Cumulative systolic blood pressure load, which can be calculated from serial blood pressure measurements, may provide better prediction of major cardiovascular events, compared with traditional blood pressure measures, a new study suggests.
“Our results suggest that cumulative blood pressure load is an independent predictor of cardiovascular events and should be used in future cardiovascular risk prediction algorithms,” the authors, led by Nelson Wang, MD, George Institute for Global Health, Sydney, conclude.
The study was published online in the Journal of the American College of Cardiology.
The researchers explain that the management of hypertension has traditionally centered around blood pressure measurements taken at a single timepoint, with adequate control defined as those measurements being below a predefined target threshold.
However, this approach fails to recognize blood pressure as a continuous measure that fluctuates over time and does not acknowledge that the most recently recorded measurement may not reflect previous blood pressure control.
More recently, studies have defined the time a patient spends below blood pressure target, or TIme at TaRgEt (TITRE), as a novel marker of cardiovascular risk that is independent of mean blood pressure.
Although TITRE has the added advantage of incorporating duration of control, it is unable to characterize the magnitude of blood pressure elevation, the researchers note.
They point out that an optimal measure as a risk factor for cardiovascular disease would account for both the magnitude and duration of elevated blood pressure.
Such a measure is cumulative blood pressure load, defined as the area under the curve (AUC) expressed in units of mm Hg by time.
The only prior study of this measure was small and retrospective and calculated cumulative blood pressure load from ambulatory blood pressure monitoring estimated over a short (24-hour) period.
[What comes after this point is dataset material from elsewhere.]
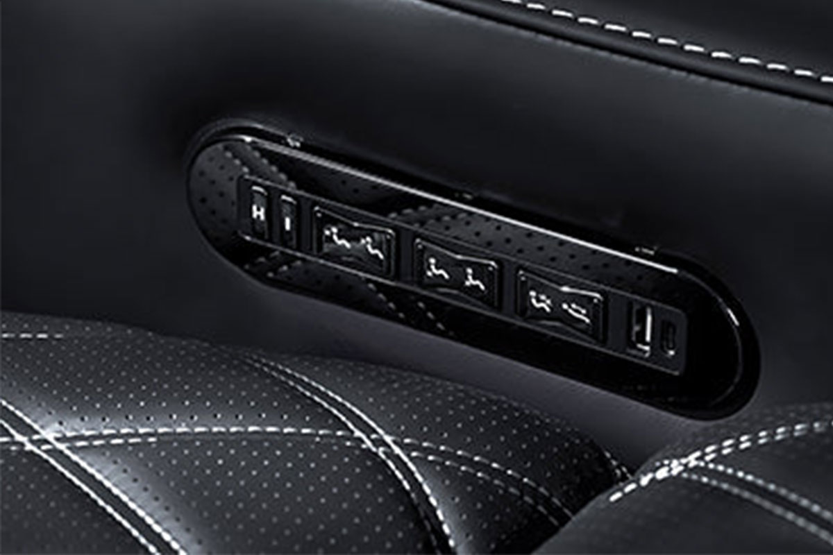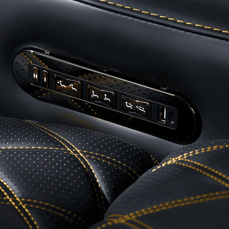 Controle fácilmente su asiento desde el reposabrazos, con puertos USB y USB-C para cargar dispositivos. Incluye función de memoria y botón de inicio para mayor comodidad.

Therefore, the aim of the current study was to estimate the association between cumulative systolic blood pressure load over a longer period (24 months) and subsequent major cardiovascular events.
To do this, the researchers conducted a post-hoc analysis of 9,338 patients with type 2 diabetes in the ADVANCE-ON study.
Cumulative systolic blood pressure load was defined as the AUC for systolic blood pressure values above 130 mm Hg divided by the AUC for all measured systolic blood pressure values over a 24-month exposure period.
Over a median 7.6 years of follow-up, 1,469 major cardiovascular events, 1,615 deaths, and 660 cardiovascular deaths occurred.
Results showed that each one standard deviation increase in cumulative systolic blood pressure load was associated with a 14% increase in major cardiovascular events, a 13% increase in all-cause mortality, and a 21% increase in cardiovascular death.
Cumulative systolic blood pressure load outperformed mean systolic blood pressure, time-below-target, and visit-to-visit systolic blood pressure variability for the prediction of cardiovascular events and death and also discriminated risk and reclassified more patients’ risk correctly than the other measures.
“Small improvements in risk prediction can have a major impact when scaled up across large high-risk populations. Furthermore, cumulative systolic pressure load may also prove useful to inform the design of future clinical trials,” the researchers say.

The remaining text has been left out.